Nativity by Jean Fremon and Louise Bourgeois (Les Fugitives, £8.50 paperback)

To any self-respecting winter theme its comforting Christmas-themed book! Nativity, written by Jean Frémon, was originally published in 2009 in France on the 25th of December, Jesus’ and incidentally, Louise Bourgeois’ birthday. Released in the UK for the first time, it was translated from French into English by Cole Swensen for Les Fugitives. How should one paint the baby Jesus? That’s what drives this work of fiction, ‘the story of the first painter who had the idea of representing the baby Jesus completely naked rather than in swaddling clothes’. The book is a miniature format, with fewer than fifty pages and punctuated by five carnal drawings on birth and motherhood by the amazing Louise Bourgeois, which she made especially for the text. So this is about Christmas and also totally not about Christmas. It’s short and sweet, we're hoping the same can be said about the upcoming winter.

Winter Trees by Sylvia Plath (Faber & Faber, £10.99 paperback)

The poems in Winter Trees were written in the last few months before Sylvia Plath tragically took her own life. Published posthumously in 1971 and recently reissued by Faber, they formed part of the group from which the iconic Ariel poems were chosen and, paradoxically, reveal Plath at her best. Showing the colour of her voice, nearly all the poems here have her very own image-heavy, soft, sensitive, dramatic thing going, that’s so particular to her. In a sense, Plath can be your winter companion because reading her is being intimate with her immediately, but she also is a bit like winter: the dichotomy between the warmth of emotion and the iciness of sadness, between frailness, fragility and resilience and indignation, between love and fear.

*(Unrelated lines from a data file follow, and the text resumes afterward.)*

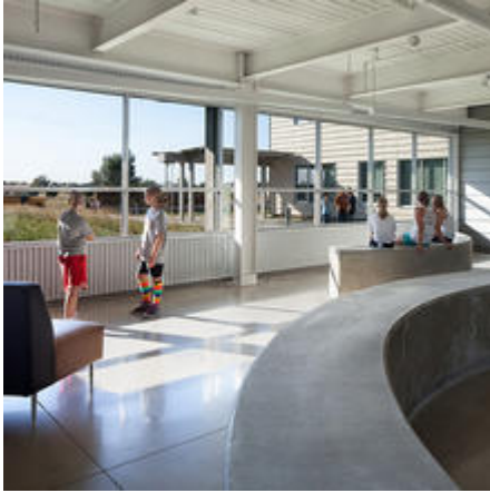
This photo shows the school lobby, another daylight-flooded gathering space.

Since daylighting optimization, ventilation, and indoor air quality have a great impact on student academic performance and the health and comfort of building occupants, these ideas became a central focus of the design. Daylighting and controls, operable windows, maximized views, classroom controls, outdoor classrooms and lunch areas, a courtyard playground, and shared learning spaces are all employed in the creation of a comfortable learning environment with a strong connection to the outdoors.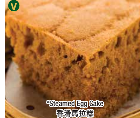
*Steamed Egg Cake 香滑馬拉糕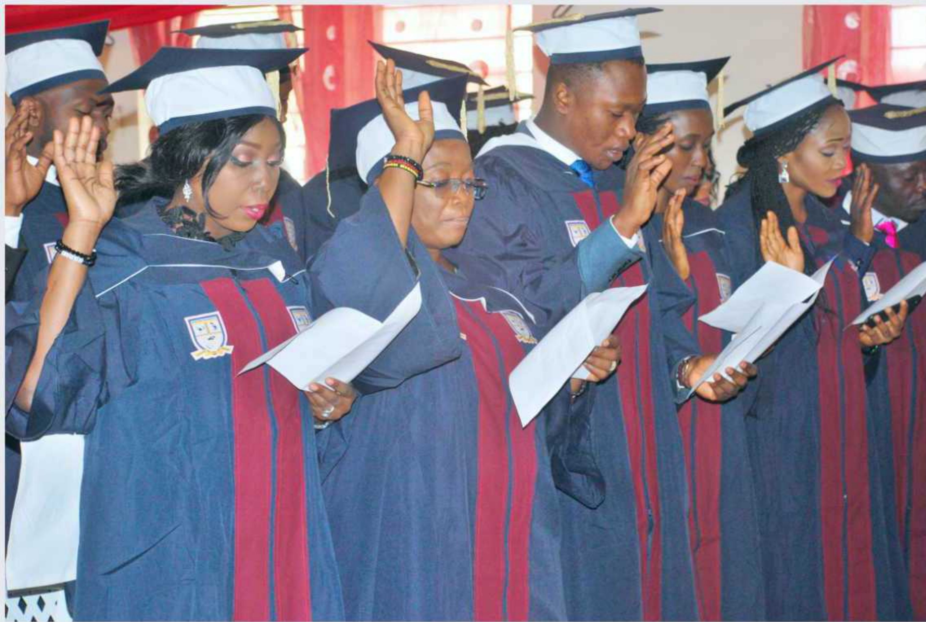
Graduating Doctors taking the Hippocratic Oath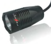
LED Bicycle Lamp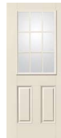
Door: S262 Smooth-Star® Clear Glass (Grilles)

This should feature on any list of any books for anyone, it’s obviously total genius, and if that’s not a winter warmer then I don’t know what is.

 

Wintering by Katherine May (Ebury Publishing, £16.99 hardback £9.99 paperback)

Like many people, I’ve often struggled to properly embrace the Winter months, but here’s a book that can change our perception of the colder, darker time of the year. Wintering can be read as a memoir or as a meditation, as nature writing or as poetry. With her elegant, thoughtful prose, Kent-based author Katherine May gently invites us to celebrate the moments in life that are traditionally, and by nature, reserved for rest and for repair, moments in which to retreat in anticipation of the spring to come. Looking at folklore and religion, bridging culinary traditions or Icelandic rituals, in sickness or in health, this is a book that diffuses in soft light the mechanisms of nature during these times. Whether you welcome the bitter bite of winter and perhaps continue to swim in the North Sea, or whether you desire nothing more than to hibernate for a little while, Wintering is a perfect accompaniment to cosy evenings as the days grow ever-shorter.

 

Notes from an Island by Tove Jansson (Sort of Books, £12.99 hardback)

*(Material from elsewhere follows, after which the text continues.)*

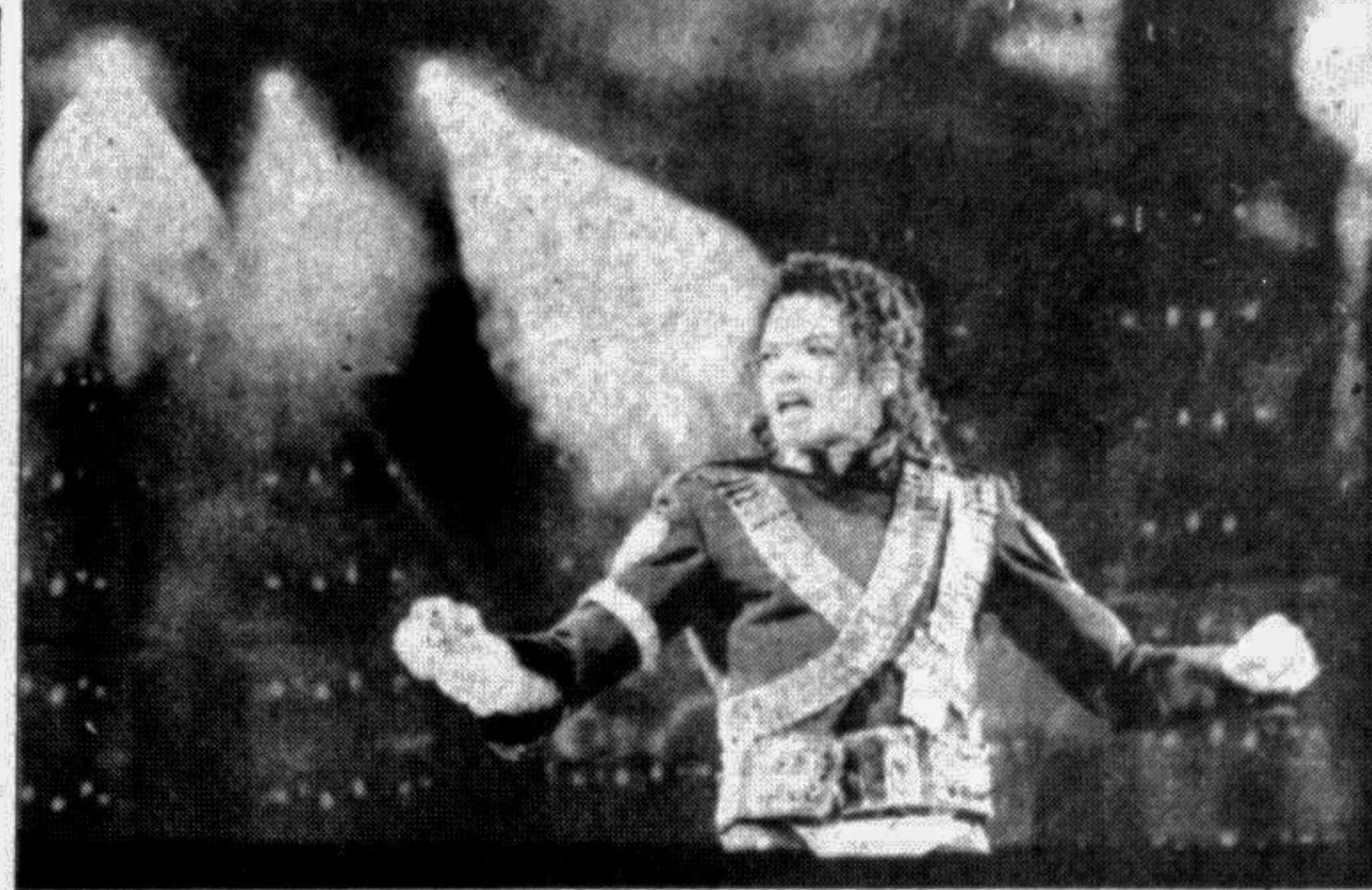
Michael Jackson performs during the opening concert of the Asian leg of his 'Dangerous' world tour in National Stadium in Bangkok on Monday. Jackson performs two concerts here on Monday and Tuesday.

In the bitter winds of autumn 1963, Tove Jansson, helped by Brunstroem, a maverick fisherman, built a cabin on a treeless skerry in the Gulf of Finland. The island was Klovharun, and for the subsequent thirty summers Tove and her partner, the artist Tuulikki Pietila, retreated there to live, paint and write, basking in the solitude and lulled by the motion of seascapes. Notes from an Island, published in English for the first time, isn’t just a chronicle of this period but also a kaleidoscopic love letter from Tove to Tooti and Tooti to Tove, and both to the island. This is a book to remember that small details make beautiful things, and that the most beautiful things are often the simplest, most evident ones. Combining Tove's prose and Tuulikki's graphics, this has a real, meditative earnestness to it. A real, meditative peacefulness to it.

 

The Book of Change by Stephen Ellcock (September Publishing, £25 hardback)

Such a brilliant awakening, rooting for our potential, creative energy and capacity for change and challenge, from the beloved, art-fugitive curator Stephen Ellcock (I highly recommend following @stephenellcock on Instagram, it’s a real treat). Featuring 240 reproductions of art, photography and objects, through history and across the globe, this is a powerful and inspiring collection and an ideal coffee table book for those dim winter afternoons. ‘By reassembling, repurposing and repositioning fragments of the past and combining them with new visions and fresh ways of seeing, a collage of unfamiliar, unspoiled possibilities can emerge, exorcising the ghosts of struggles, failures and traumas past, providing glimpses of a better world, of overgrown paths in the clearing, of potential routes out of crisis into a brighter, bolder future.' The Book of Change is like the glimpse of spring at the end of the tunnel, a glimmer of hope for brighter days ahead. Love is the message here.

 

You can find all of these fantastic books at The Margate Bookshop, or order them through their online shop here. You can also follow The Margate Bookshop on Instagram here (be sure to keep your eyes peeled for an exciting joint giveaway!)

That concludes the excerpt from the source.